たとえばこの本の中で、大野さんは2度(まだ継続的な医療が必要であるにもかかわらず)退院しています(本書135-138、193ページ)。これは、現在日本の病院のベッドが「一般病床」と「療養病床」とに分類されており(ただし「精神病床」などは別)、前者の「一般病床」には最初は高いが入院期間が長くなるにつれて低くなる出来高払いの診療報酬が、後者の「療養病床」には入院期間の長さには依存しないが包括払いの比較的低い診療報酬が設定されている、という事情にかかわっています。大野さんが入院していた病院は「一般病床」なので、彼女のような人が長期間にわたって入院し続けると平均在院日数を押し上げてしまい、病院の評価と経営の問題に結びついてしまいます。かといって患者を見捨てることもできない。そこでなされたのが、このように周期的に退院させるという方法なのだろうと思います。しかし、この「退院」は、大野さんが在宅療養に関心を抱く以前に病院側の主導で実行されたものであり、患者側のニーズとは、ずれています。
また、患者の生計を支える社会的支援制度についても興味深い記述がなされています。この本は、闘病プロセスにおいて患者にふりかかる経済的負担が相当なものであることを私たちに思い起こさせます。日本の社会では、国が指定した「特定疾患」については収入に応じて医療費助成が受けられ患者の負担が軽減される、という制度があります(マイケル・J・フォックス『ラッキーマン』2006年10月26日でもこれについて取り上げています)。大野さんの場合、「皮膚筋炎」の方は特定疾患として認められているため医療費助成を受けられましたが、もう一方の「筋膜炎脂肪織炎症候群」は特定疾患の中にまだ入っていません。つまり、珍しい病気は何でも「難病」として支援してもらえるというわけではなく、制度的支援対象としての「難病」として認められているものとそうでないものとがある、ということです。彼女の生計上の必要が切実であることがよく書かれているからこそ、もし彼女の診断に「皮膚筋炎」が入っていなかったら…、と思わずにはいられません。また、申請書類の煩雑さ(本書108ページ)に関する具体的な記述なども、考えさせられる内容です。
これらの他にも、障害福祉サービスに関する本書後半の記述も興味深いものです。そこでは、信頼する主治医とのギャップが浮上します。主治医の「自立」のイメージは、どうやら「(疾患の自己管理を含む)身辺的自立」と「経済的自立」に偏っているようで、支援制度の助けを得て生きることが「自立」の要素に入っている、ということを主治医はなかなか理解してくれません。そのような場合でも、サービスを利用するための必要条件である「意見書」を書く立場として医師の影響力は非常に大きい、ということに改めて気づかされます。
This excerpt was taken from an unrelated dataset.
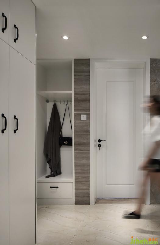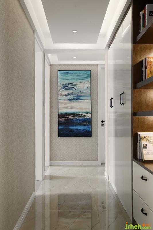 入戶走廊一副掛畫美化空間視覺,同時(shí)右側(cè)空間室內(nèi)設(shè)計(jì)師設(shè)計(jì)了一排收納柜,最大化利用走廊空間。

以上に挙げた諸問題は、大野さんが初めて「発見」したものではありません。しかし、ひとりの利用者としての目線で非常に具体的に書かれているために、「なるほど、やっぱりそういうことがあるのか」と納得して理解しやすいと思います。また、そのようにする方が、一般論として制度の限界や欠点を教えられるよりもインパクトがあり、「どのようにしてそういう不合理なことになってしまったのだろう?」といった社会への関心を呼び起こしやすいのではないでしょうか。したがって、この本は、単に稀少な難病体験を知るための一冊というよりも、苦しみをかかえる個人と社会制度との境界面へ私たちの関心を導く一冊として受け取られるべきなのではないかと思うのです。